While the collaboration of two headstrong musical leaders seems more like a death wish than an answered prayer, Andy Hull and Kevin Devine extinguish this expectation and pave the way for a newfound optimism for the union of song-writing frontmen. As Hull led Atlanta indie rockers Manchester Orchestra, New York-based Devine focused on his own career as a folk-rock musician. The two had no intention of joining forces when they agreed to open for rock outfit Brand New in 2007, but after spending time on the road together and garnering respect for each other’s differing musical approaches, Hull and Devine (collectively known, along with other members of Manchester Orchestra and Brand New, as Bad Books) found themselves clawing at the doors of collaboration. When Devine first heard Manchester’s sonic endowment, he feared his own sounds might fall flat in comparison.
“I remember watching them and thinking, ‘All right, we’re gonna have to really show up every night. There’s not gonna be a night off.’ We were gonna get creamed if we didn’t turn out,” says Devine. “From there on, both creatively and personally, all three groups [Brand New, Manchester Orchestra and Devine] have kind of challenged each other to keep getting better at what we do.”
Challenging each other wasn’t the only thing Hull and Devine aimed to do with Bad Books, their debut album: Bearing idiosyncratic pop, feathery rock and largely accessible acoustic tunes, they pushed themselves to flee their comfortable singer-songwriter zones and enter the world of editing and producing, using their individual artistic outlooks on songwriting to extend one another’s capabilities.
“I just kind of had to let go,” says Devine. “Like with the song, ‘You Wouldn’t Have to Ask.’ I brought that song [to the recording sessions] with a different bridge for it, and if we had been recording that song as a Kevin Devine song, the bridge I had written probably would’ve been the bridge and there wouldn’t have been a structural change. But when Andy heard it, he was like, ‘This song is fucking great, but the bridge should be like this.’”
Devine remembers the realization that this change was more than superficial: “It was like, ‘That’s what I’m here for. I’m here to collaborate with these people and if they have input and ideas, it’s good for me, moving into my next stuff, to be more open-minded.’”
Allowing Hull to manipulate his breezy harmonies nudged Devine from contrived lyrical niceties toward impulsively brewed accompaniments, like the sublimely placed guitar riff that tears through the end of the Devine-penned “You’re a Mirror I Cannot Avoid.” Hull’s song, “Texas,” parallels Devine’s willingness: Rather than emphasize his typically heavy instrumental support, Hull’s gravelly vocals highlight his murmured lyrics. (“I am a towel that is soaked to the core / heavier now than it’s gotten before / and something inside of me needs more and more.”)

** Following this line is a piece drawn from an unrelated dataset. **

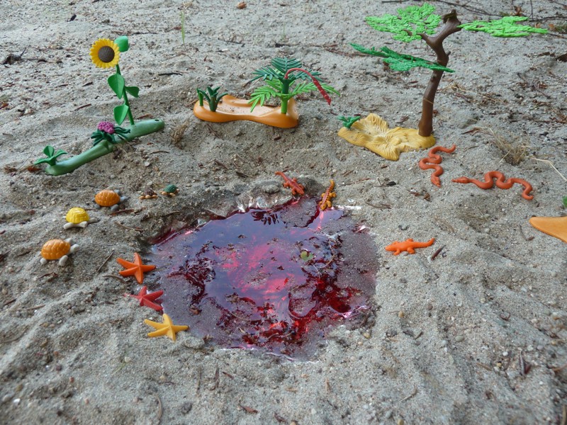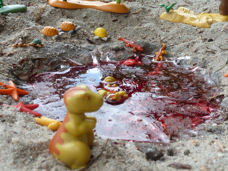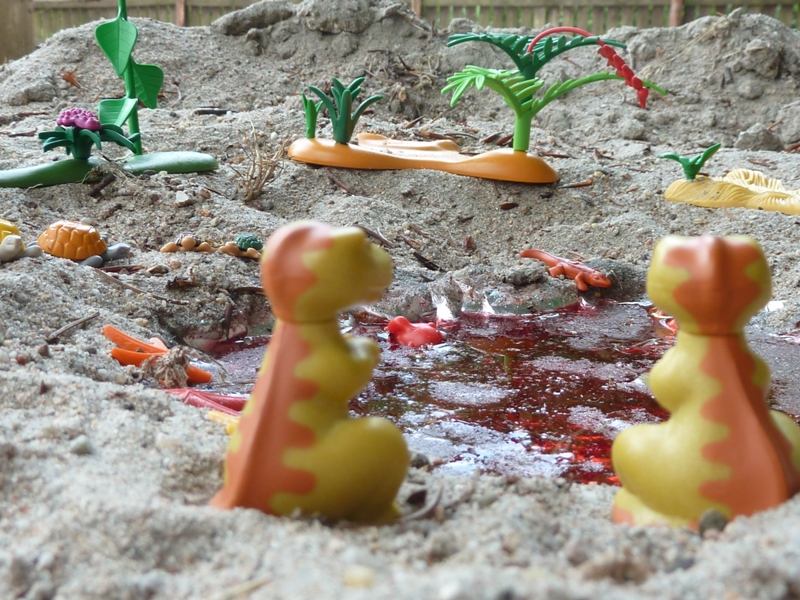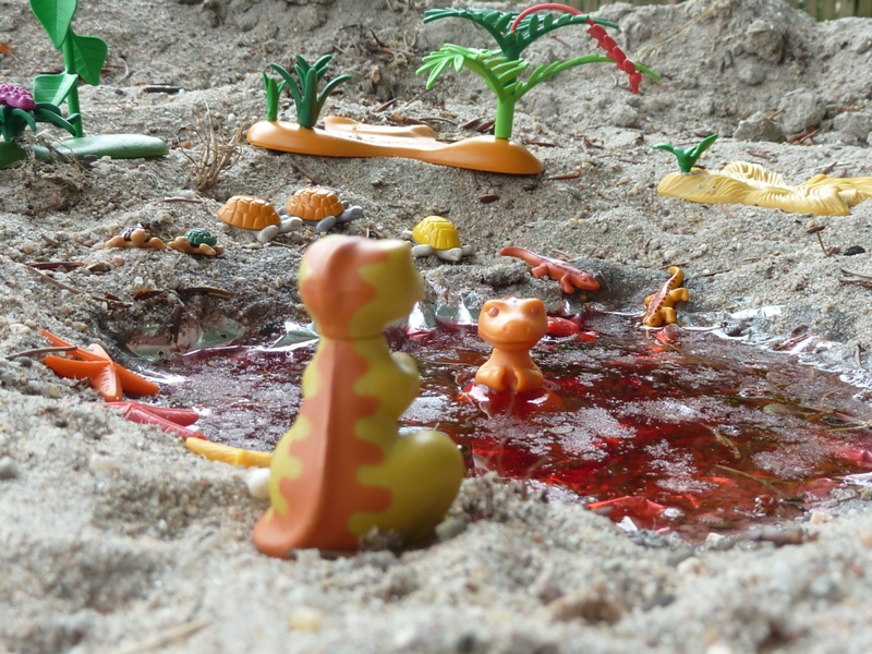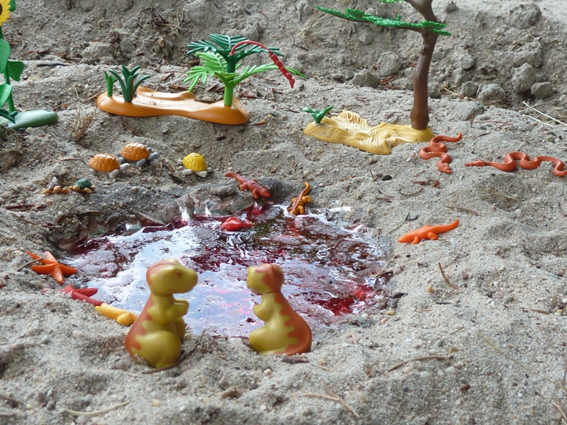 Unterdessen am Rubinsee. Das ist ein kleiner, roter See mitten in einer kleinen Wüste. Wenige Pflanzen wachsen um ihn herum und seltsamerweise auch eine Sonnenblume. Ein paar Tiere gibt es auch, die hier ständig leben.

This receptiveness illuminates a striking opposition in their songwriting: While Devine agonizes over every word to the point of self-deprecation, Hull goes with his gut.
“I’ve always had this perfectionist impulse in my head,” says Devine. “I’m a bit intense and self-critical about the editing process, and I kind of like it to be dazzling by the time it’s first shown. [Andy] writes a ton and doesn’t use all of them. In that way, I think he’s a little more instinctive and intuitive, and I’m trying to take a little bit from that approach and blend it with the way I tend to do things already.”
Employing their differences and the advantages of their union, he says they labored over “developing harmonies that were really cool, accentuating some things and coming up with guitar lines that were almost like secondary melodies.” Even while heavily editing the album’s 10 songs (of which Hull and Devine each contributed five), they managed to keep the peace.
“I would say 90 percent of making the record went really, really smoothly,” says Devine. “We spent so much time around each other that our personalities mostly mesh, almost without effort at this point. Some guys [from Manchester Orchestra] I’ve lived with for months at a time; I watched some of them get married; they’ve slept in my apartment for weeks. It’s kind of like some surrogate family. Blending our two separate approaches ended up being not super-argumentative and pretty easy to get through.”
The two plan on tending to their musical obligations outside of Bad Books first, but Hull, Devine and the guys of Manchester aren’t ready to withdraw from this avant-garde record-making ease just yet.
“I can’t see why we wouldn’t [continue as Bad Books],” says Devine. “We all want to. We all like spending time around each other. It literally took us six days to do the record that’s out now. It’s not exceptionally strenuous, and I think now that we’ve seen there’s a response to it and that it’s something we can actually get out there and do, I think it’s something we all wanna do.”